Militia leader Chris Hill: "I’m not going to
sit here in my house and wait for someone from the government to take my
weapons.”
America's
Trump-Supporting Militias
"There Will Be Unrest, Dead Civilians"
Right-wing militias are threatening to unleash turmoil
in in the United States if Donald Trump loses the election on Nov. 3. A visit
with the leader of a movement that is part of an ever-growing threat as
Election Day approaches.
By Ralf
Neukirch in Atlanta
19.10.2020,
20.36 Uhr
The road to
General Bloodagent ends in a small suburban community on the edge of Atlanta
with simple, ranch-style houses, well-groomed lawns and pick-up trucks in their
driveways.
The
general’s house can be recognized from the "Trump 2020” sign in the front
yard. The neighborhood rules actually prohibit political advertising here.
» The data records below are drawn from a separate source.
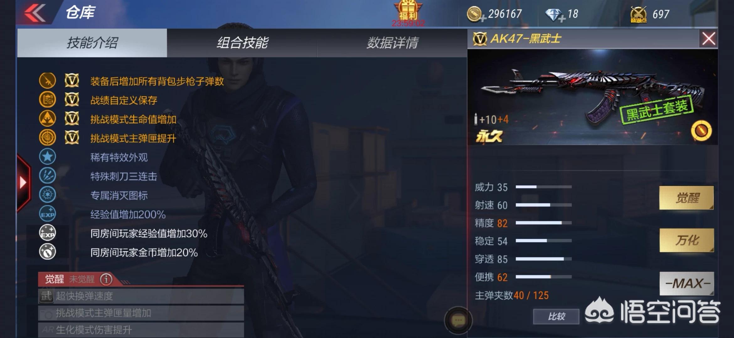 我们来谈谈黑武士的性能方面,威力35,射速60,精度83,稳定54,穿透85,便携62。
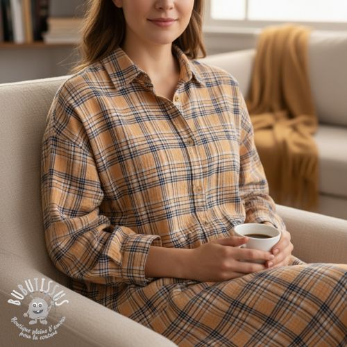 Tissu double gaze/mousseline Double sided CHECKS multicolour brown
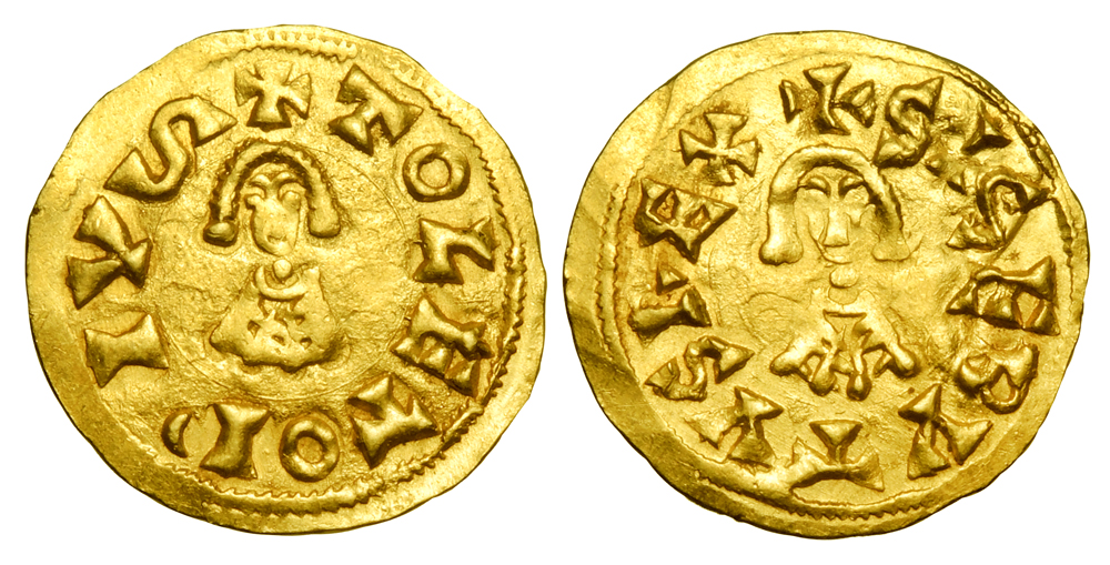 Lot 511. VISIGOTHIC KINGDOM. Sisebut, 612-621 AD. Gold Tremissis of Toledo. Scarce.
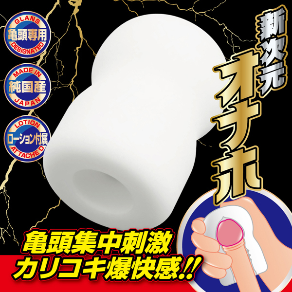 普通のオナニーに飽きてしまったあなたに贈る、亀頭専用次世代オナホ。亀頭への刺激を重点的に考え開発されたカリベーション!オナニーに集中がしやすいホワイトカラーのボディと、一切の無駄を省いたシンプルな造形が特徴。挿入し、擦ったり引っ張ったり摘まんだり、あなた好みに刺激すればカリコキ爆快感が得られます!挿入口はスリ鉢状になっているので、全体にローションを塗り広げられるからとっても便利。本体はソフト素材なので伸縮自在。亀頭を集中的に刺激し、感じた事のない快感をつかめ!
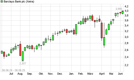 Mit dem Anstieg auf 3,96 EUR hat die Barclays Bank-Aktie (ISIN GB0031348658) am 05.06.2025 ein neues 5-Jahres-Hoch erreicht und damit den Kurs vom 20.05.2025 eingestellt.Die Barclays Bank-Aktie ...weiterlesen
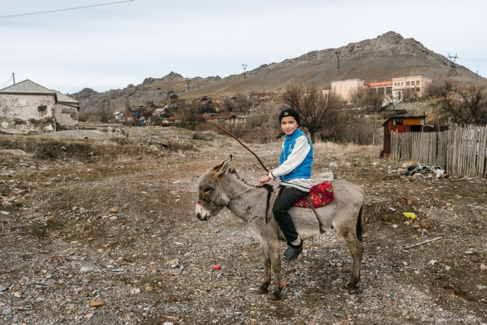 На одной из улиц Ачисая нас встречает жизнерадостный паренек на ослике. За время нашего нахождения в поселке этот местный житель еще не раз попадет в объектив нашей камеры.
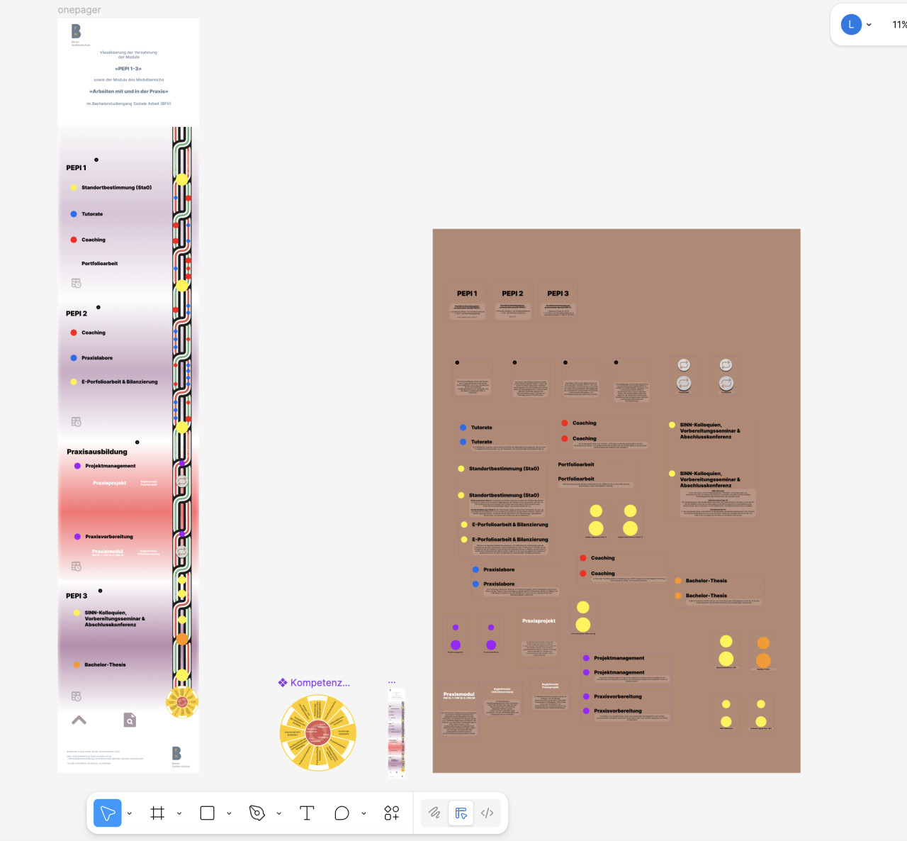 Im Rahmen des Moduls Digezz entwickelte ich ein interaktives digitales Tool zur Visualisierung des Zusammenspiels der Module «Persönliche Entwicklung einer professionellen Identität (PEPI 1–3)» sowie der Module des Modulbereichs «Arbeiten mit und in der Praxis» im Bachelorstudiengang Soziale Arbeit.

"Let them complain,” the general says. "The people talk a lot about
individual freedom, but they don’t understand the concept.”
"People
talk an awful lot about individual freedom, but they don’t seem to get the
concept.”
General
Bloodagent isn’t a real general. In middle-class, civilian life, his name is
Chris Hill and he works as a paralegal. "My friends call me Bloodagent,”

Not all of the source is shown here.